- The Washington Times - Wednesday, September 6, 2006

LONDON — Seven junior members of Prime Minister Tony Blair’s government resigned yesterday to protest his refusal to leave office as calls for the British leader to announce when he will step aside gained momentum.

The rebellion in Mr. Blair’s Labor Party flared despite strong hints by senior ministers that Mr. Blair planned to step down within a year, and a press report saying the departure date would be July 26.

Though the lower-level revolt was unlikely to force Mr. Blair from office, it raised fears that the eventual change of command will be rancorous and messy.

“I no longer believe that your remaining in office is in the interest of either the party or the country,” Tom Watson, who was minister for veterans in the Ministry of Defense, said in a letter to the prime minister. He and other Labor Party members had signed another letter to Mr. Blair demanding that he step aside as prime minister.

Mr. Blair responded that he would have fired Mr. Watson if he hadn’t quit and warned that intraparty divisions would damage Labor’s effort to hold on to office.

“To put [the party’s electoral success] at risk in this way is simply not a sensible, mature or intelligent way of conducting ourselves if we want to remain a governing party,” he wrote.

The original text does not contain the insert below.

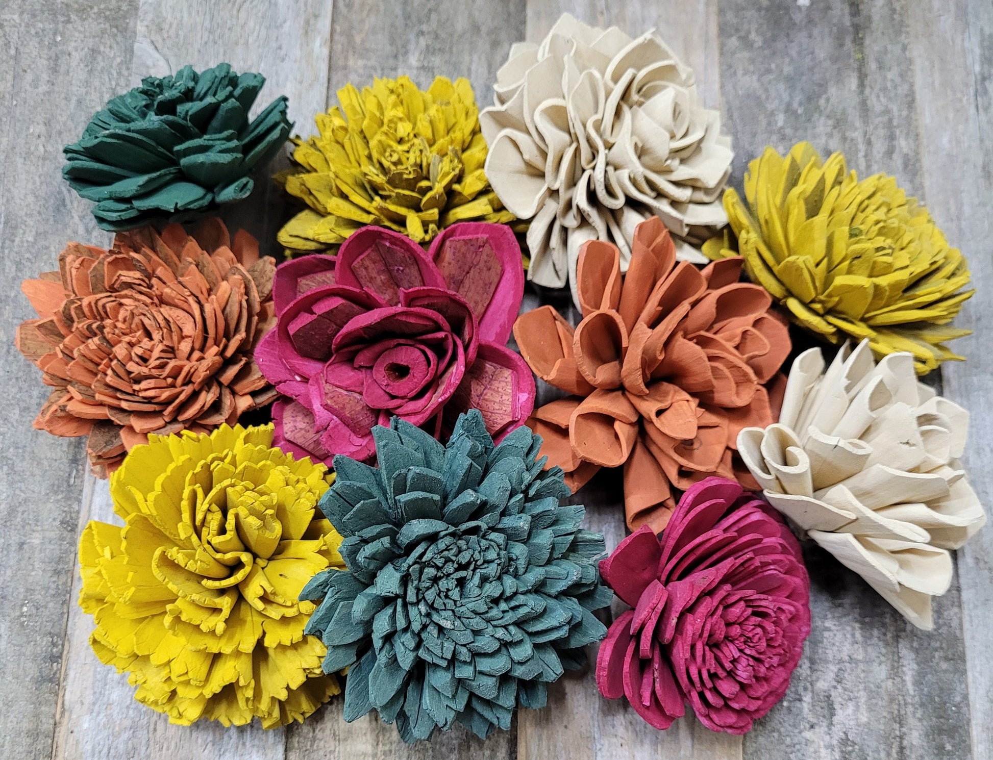 Check out this BEAUTIFUL wood flower colored assortment! With a Variety of Flowers ranging in sizes 1"-4".Make sure you pick if you would like raw flowers added to the colors in the assortment or no raw flowers.

Pressure from within the Labor Party for Mr. Blair to announce a time frame for his departure has intensified in recent weeks.

Legislators in closely contested districts, alarmed that the party is falling behind the opposition Conservatives in opinion polls, fear they will lose their seats in the next election, expected in 2009, if the leadership question isn’t resolved soon.

Mr. Blair last week shrugged off demands that he announce his plans at the Labor Party’s annual conference later this month. He has been reluctant to set a specific time frame for his resignation, fearing it would make him an instant lame duck, draining his remaining authority and power.